Town Administrative Services Director Maureen Rischitelli explained that the policy is something that staff can use as a ‘tool’ when they apply for loans for high dollar upcoming capital improvement projects like stormwater.

“When you go to get a mortgage, you have to bring in your W-2 and all your financial information – this is similar,” she said. “Before the Town can apply for funding or for a loan, this policy needs to be in place.”

The policy adopted by Council will be adopted into the Town’s Administrative Code and sets the Finance Director as overseer and sets policies including that the use of debt financing shall ‘not be considered appropriate for any recurring purpose such as current operating and maintenance expenditures except for’: projects included in the Town’s capital improvement plan and consistent with the Comprehensive Plan, projects whose useful life will extend past the financing term; projects where there are sufficient revenues to cover the debt; and equipment purchases for over $100,000 that will last longer than 5 years.

“ ‘The Town’ may borrow money, contract loans, and issue bonds from time to time to finance the undertaking of any capital or other authorized project and may pledge the funds, credit, property and taxing power of the Town for the payment of such incurred debts,” the document reads.

The policy covers the types of debt the Town can accrue and how it should be governed, the sales process for long-term bonds, the setting up of a finance team and requires the Finance Director to prepare an annual Capital Improvements Plan (CIP) to address – at a minimum – the amount of debt projected over the next 5 years and is to be submitted to Town Council as part of the annual budget process. It also sets the limit of indebtedness of General Obligation Bonds to a number not to exceed 1.0% of the value of taxable property within the Town.

It is this last provision that has drawn the concern of residents who worry that – should the Town Charter be revised to allow the Town to borrow for longer than 3 years – it would give Council authority to borrow as much as $2.88 million (1% of the Town’s taxable value for the current fiscal year) for as long as they want to.

Rischitelli says that would never happen.

“We can only borrow what we can pay back,” she said. “Right now, that’s pay back in three years.
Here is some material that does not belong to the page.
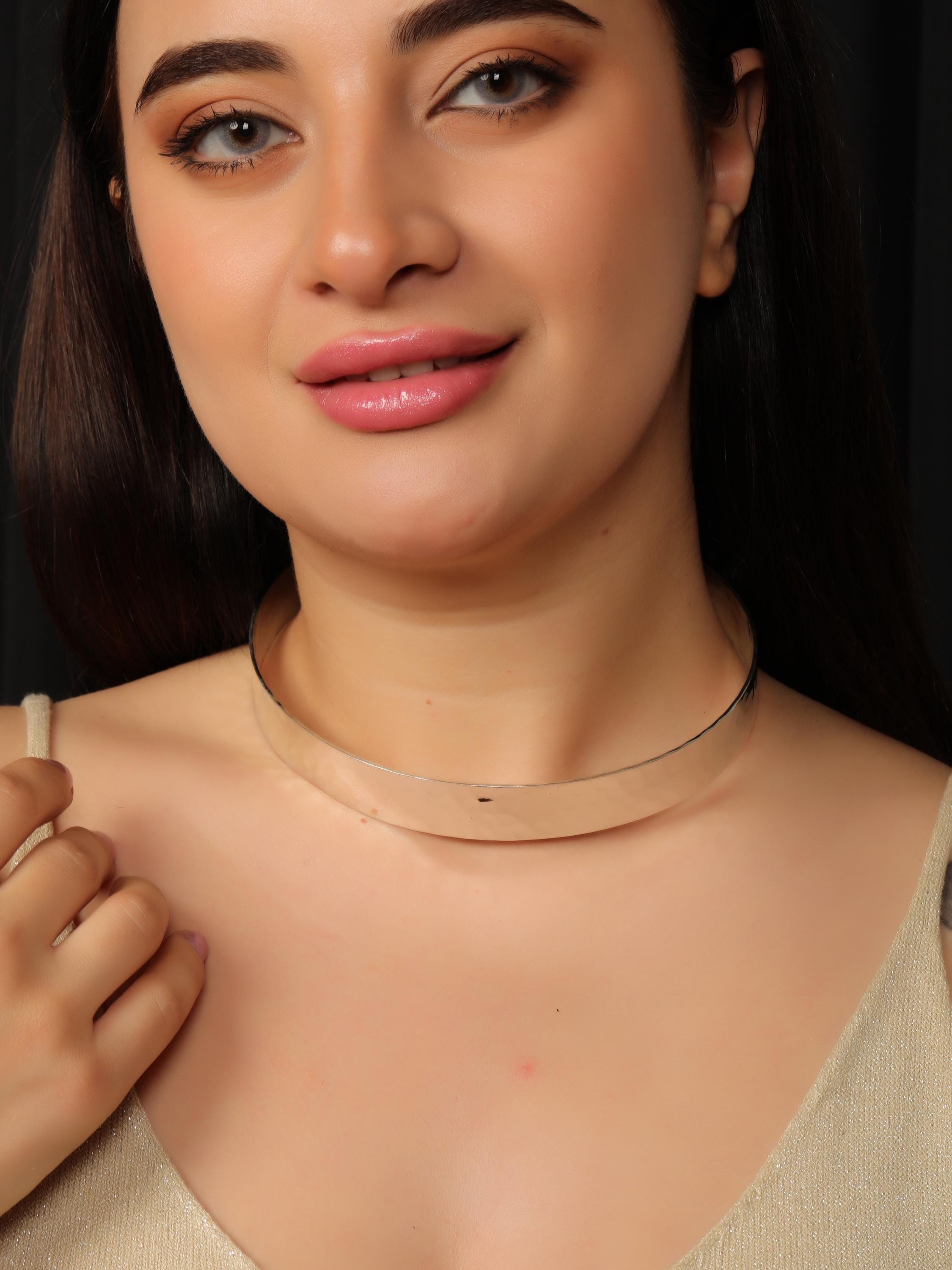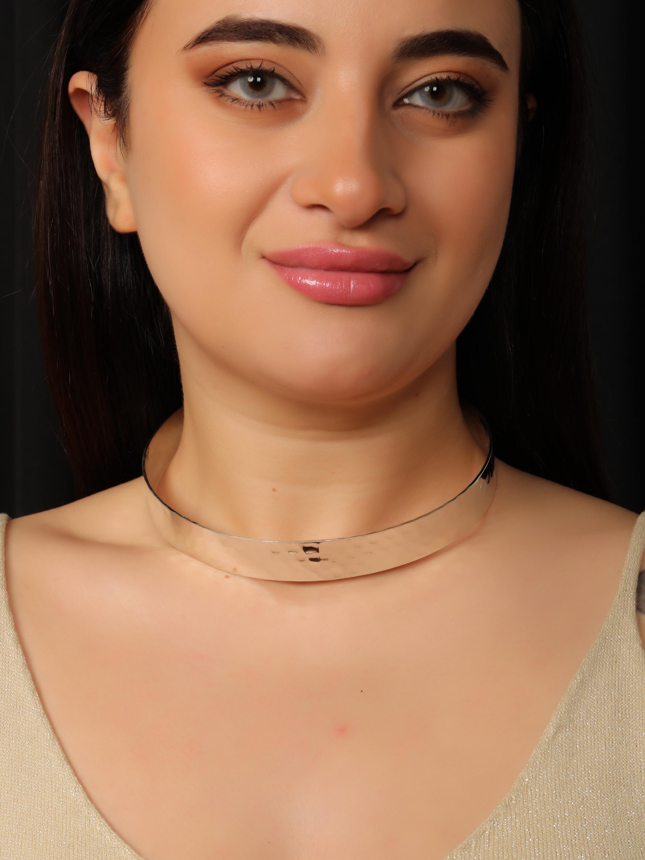 Available in golden tone or silver tone, this hammered brass choker blends ancient ethnic character with modern styling. It sits comfortably around the neck and makes a bold statement whether worn alone or layered.

But even if the charter referenda passes and we can lock in lower interest rates by borrowing for longer periods, no one is going to give this Town a $2.8 million loan because we’d have to show we could pay it back.”

Maureen says that staff asked council for a debt policy so ‘we can put our house in order’ as the Town moves forward with big dollar projects.

“Nothing we borrow goes forward without Council approval, meaning every project will have to have public input,” she said. “For capital projects, we want to be able to do them holistically – meaning we determine what we can afford and how we’re going to fund it. All of this is decided in each year’s budget talks.”

Councilman Alan Mandel cast the lone vote against the new Debt Management Policy, saying he is concerned that the Town will be getting into too much debt.

“This policy needed to be put in place because otherwise people won’t believe we have a way to raise revenue,” he said. I would have liked the Audit Committee to have taken into account the existing debt the Town has already accrued. To me, there is no concern for the economic viability of our residents because it doesn’t matter whether we’re asking for fees or taxes – we’re still asking people to pay $500-$600 more per household.”

When we asked him how he got to that number, he explained that the Town is already $20 million in debt for potable water, a number that may increase to $60 million for stormwater management depending on what comes out of the Facilities Plan and what Council decides.

“That amounts to $300-$400 per household,” he said. “On top of that, the Audit Committee recommended that the Town be allowed to borrow up to another $28 million. How does the Town get to borrow that when it doesn’t have the revenue? By raising taxes! So, between fees for the water projects and fees for revenue bonds, an average household may end up paying $500-$600 more per year than they are paying now.”

Jim Rodwell, a member of the Audit Committee who worked on the policy, said there’s nothing in it that determines what the Town’s debt should be.

“That would be up to Town Council,” he said. “We set a cap on ad valorem debt – stormwater and other water projects are not included because those are user fees – but what the Town does is up to them.”

Like Rischitelli, Rodwell explained that the Town needs a Debt Management Policy if it wants to enter into any long-term debt.

“If you’re going to go into long-term debt, you need a document that covers all the possibilities related to it,” he said. “How much we’re going to need for projects like stormwater has yet to be decided because we still don’t know how much we’re going to do. Even if we only do a little piece of it, that’s still going to be long-term debt.”